→ **What to work on**
Begin at the line containing "06, 2017. |" in the records below, end at the line containing "9月13日,人们在俄罗斯莫斯科参加骑行活动。", and retype each line in that span exactly. No other line and no image should appear.

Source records
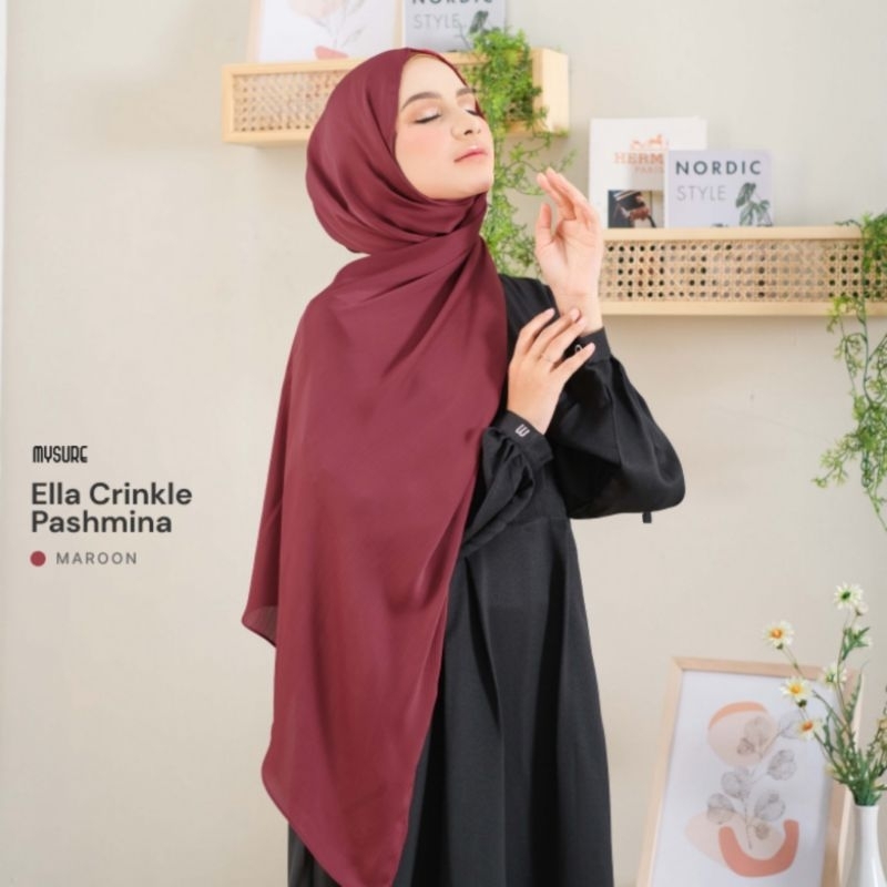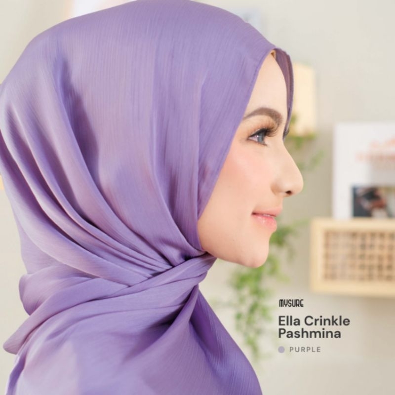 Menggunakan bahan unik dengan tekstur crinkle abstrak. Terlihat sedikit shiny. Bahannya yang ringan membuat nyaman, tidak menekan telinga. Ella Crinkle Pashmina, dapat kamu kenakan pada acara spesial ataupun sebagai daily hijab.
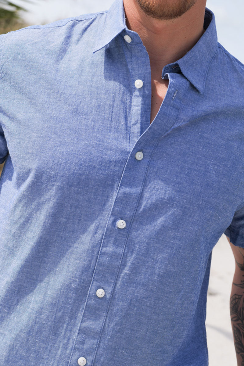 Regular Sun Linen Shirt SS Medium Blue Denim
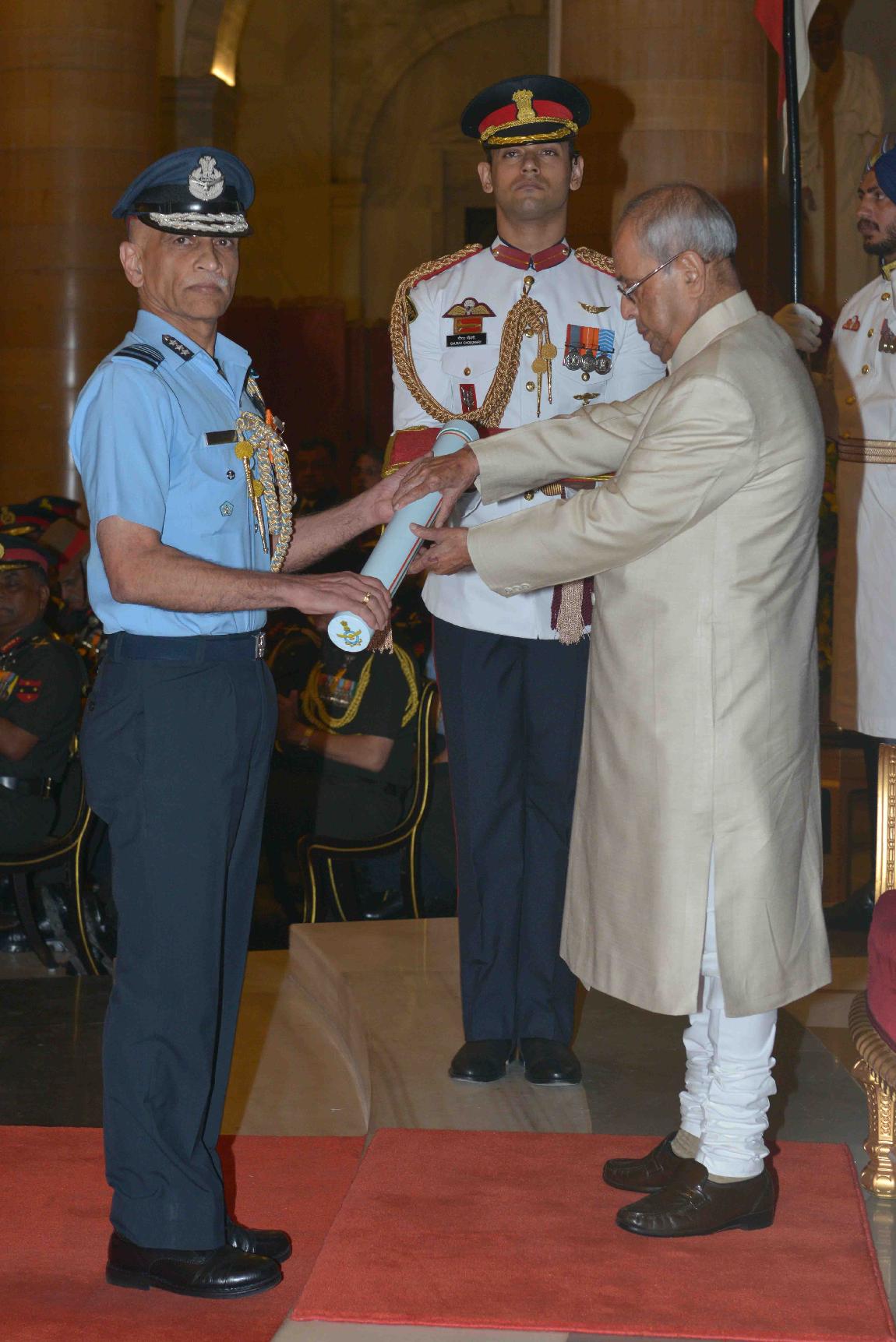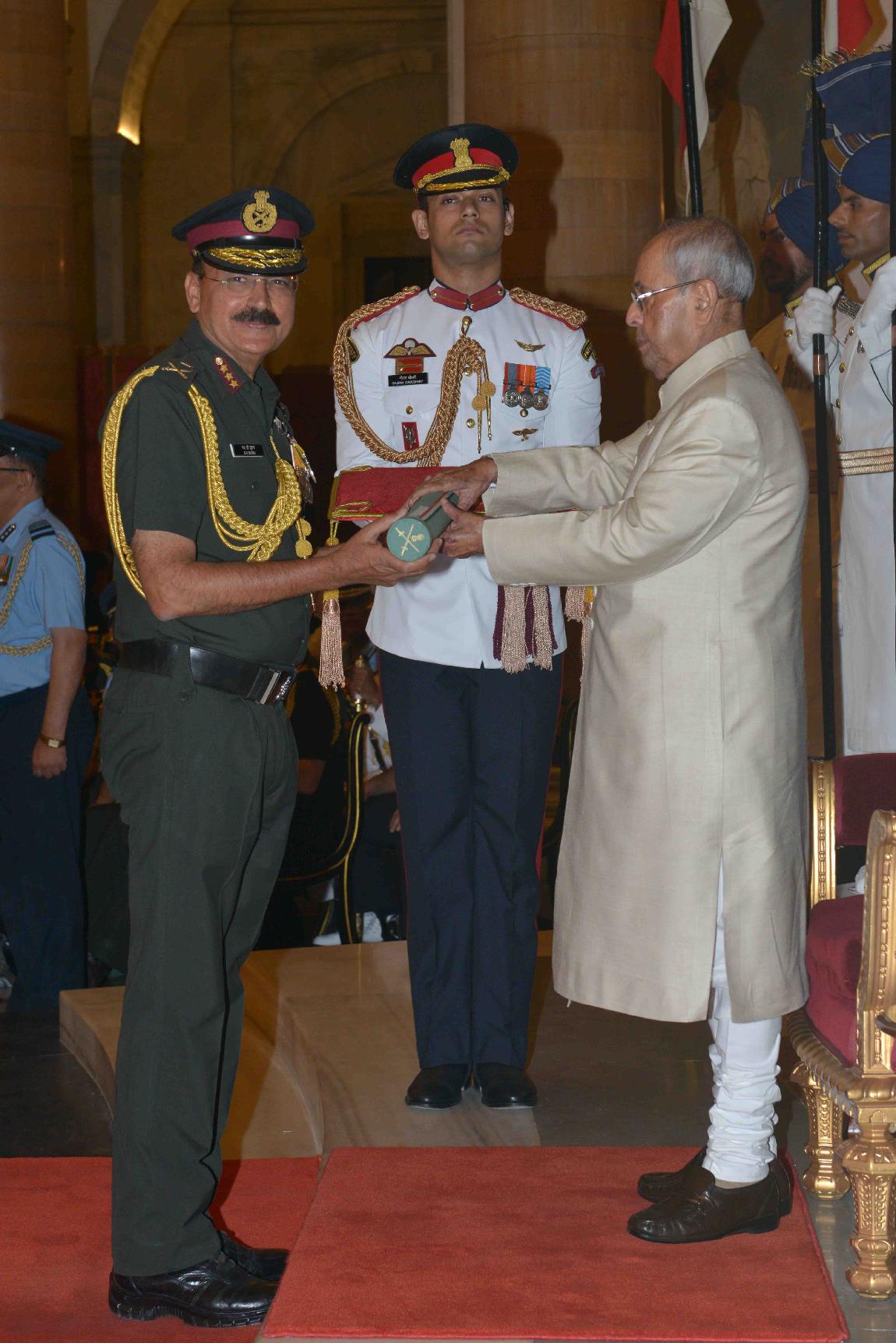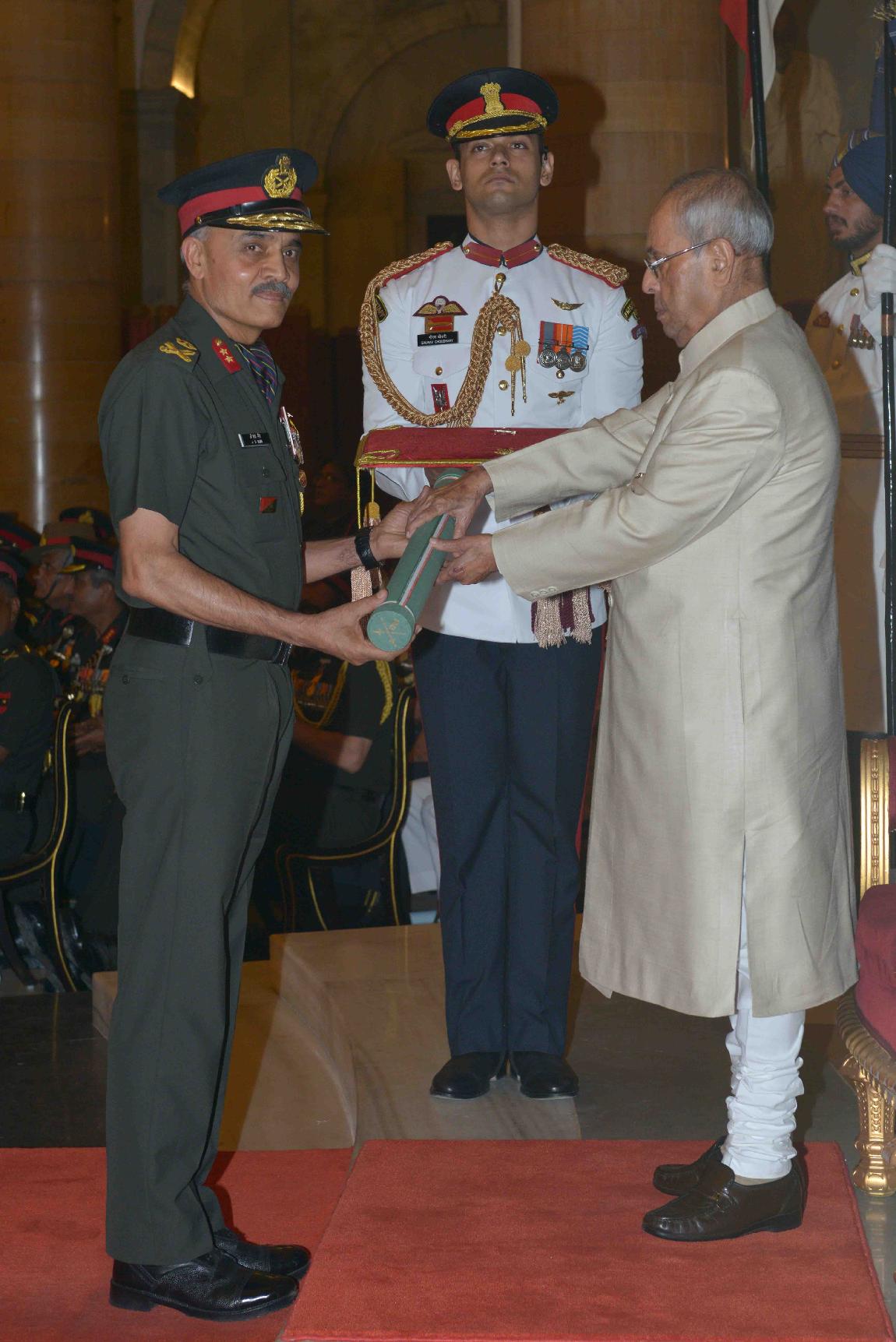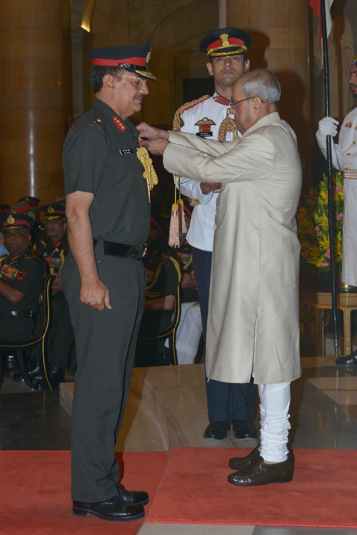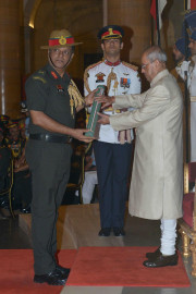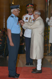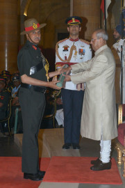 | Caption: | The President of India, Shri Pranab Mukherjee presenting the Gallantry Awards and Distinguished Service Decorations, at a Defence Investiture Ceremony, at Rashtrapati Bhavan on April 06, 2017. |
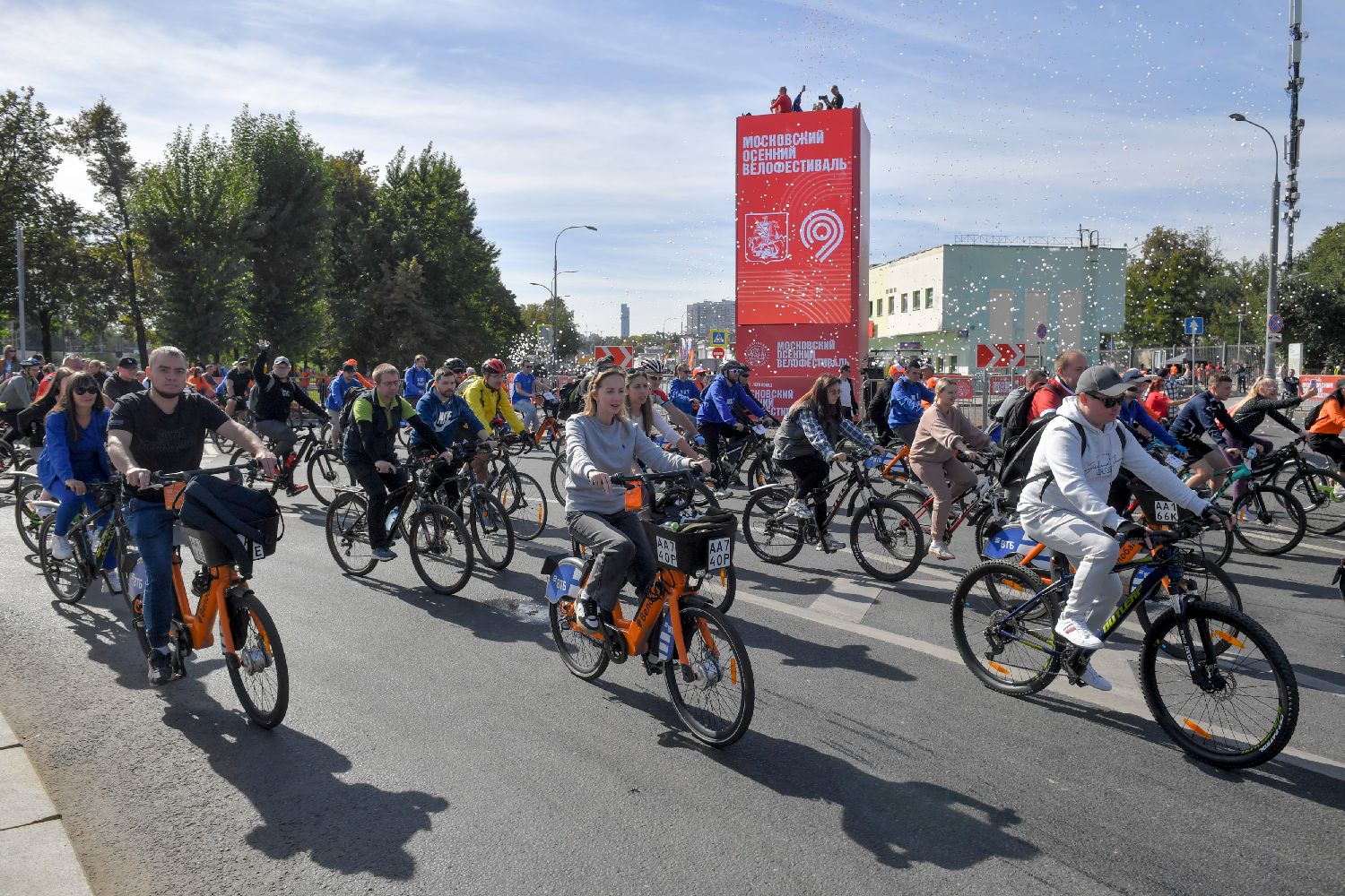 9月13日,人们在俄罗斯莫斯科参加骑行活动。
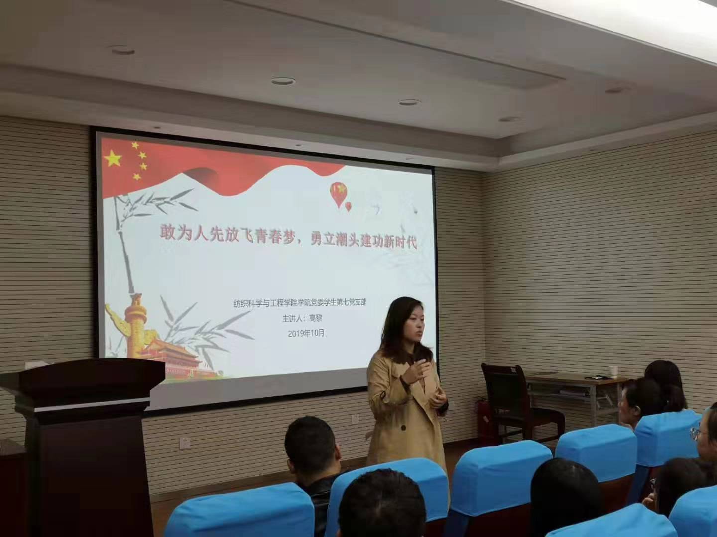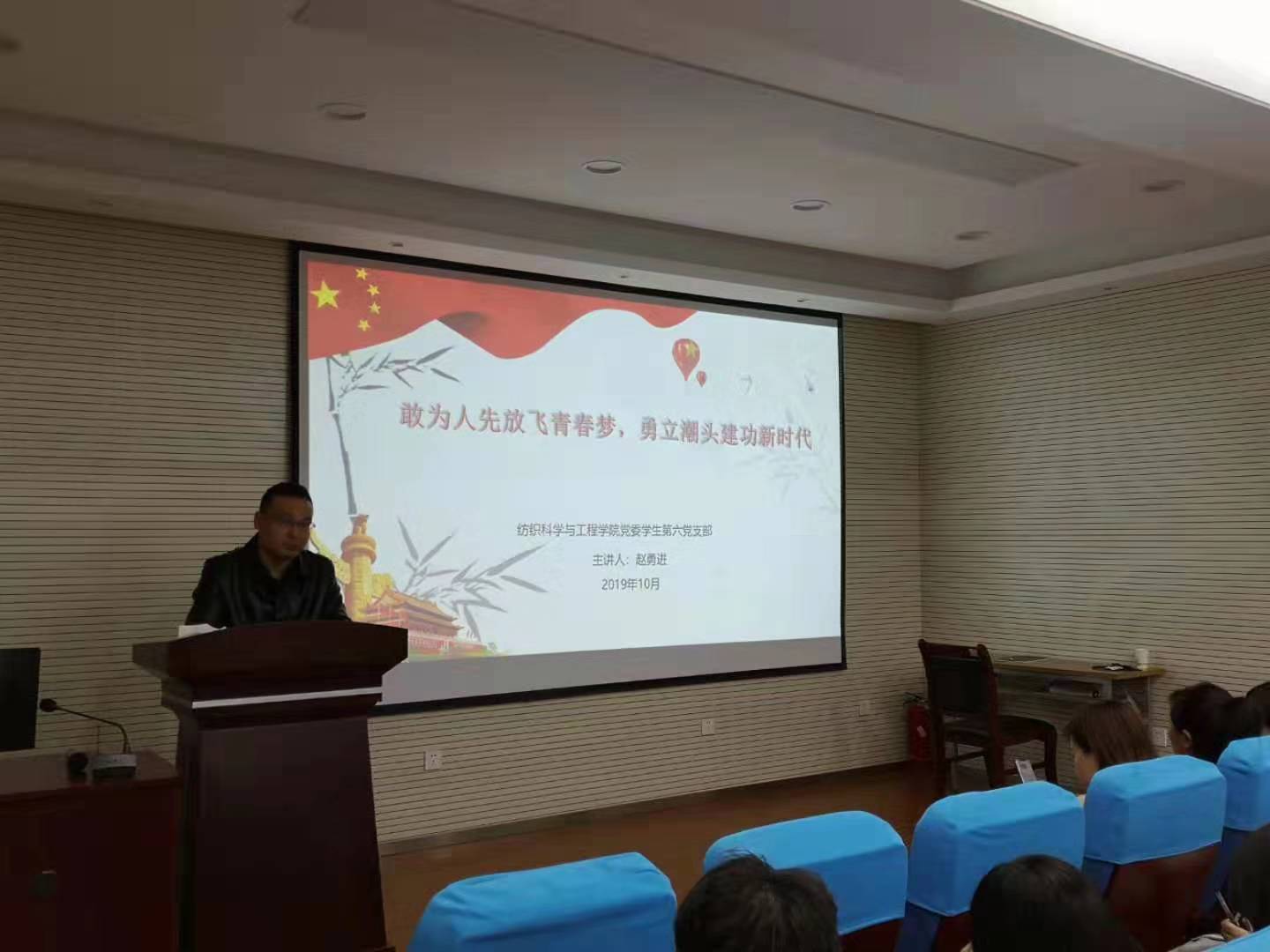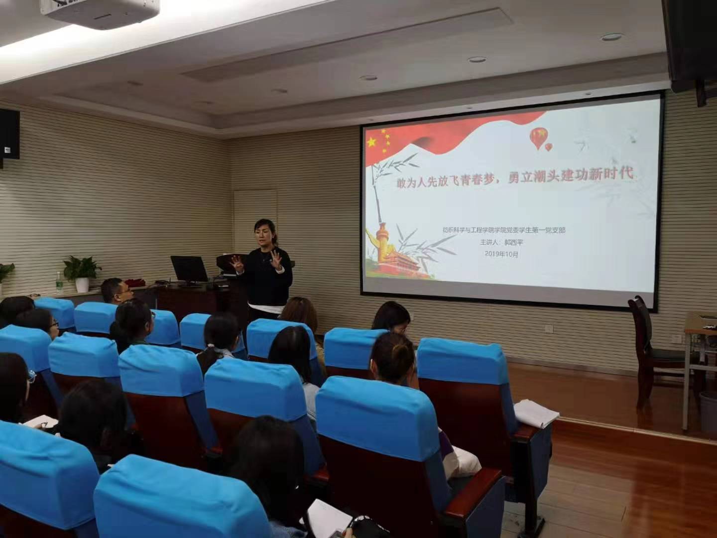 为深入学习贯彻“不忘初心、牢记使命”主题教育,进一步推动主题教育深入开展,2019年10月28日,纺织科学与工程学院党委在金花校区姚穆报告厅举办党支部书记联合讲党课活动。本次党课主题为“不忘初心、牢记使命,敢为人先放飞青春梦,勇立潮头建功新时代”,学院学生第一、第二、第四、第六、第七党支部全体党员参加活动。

→ **Expected answer**
 | Caption: | The President of India, Shri Pranab Mukherjee presenting the Gallantry Awards and Distinguished Service Decorations, at a Defence Investiture Ceremony, at Rashtrapati Bhavan on April 06, 2017. |
 9月13日,人们在俄罗斯莫斯科参加骑行活动。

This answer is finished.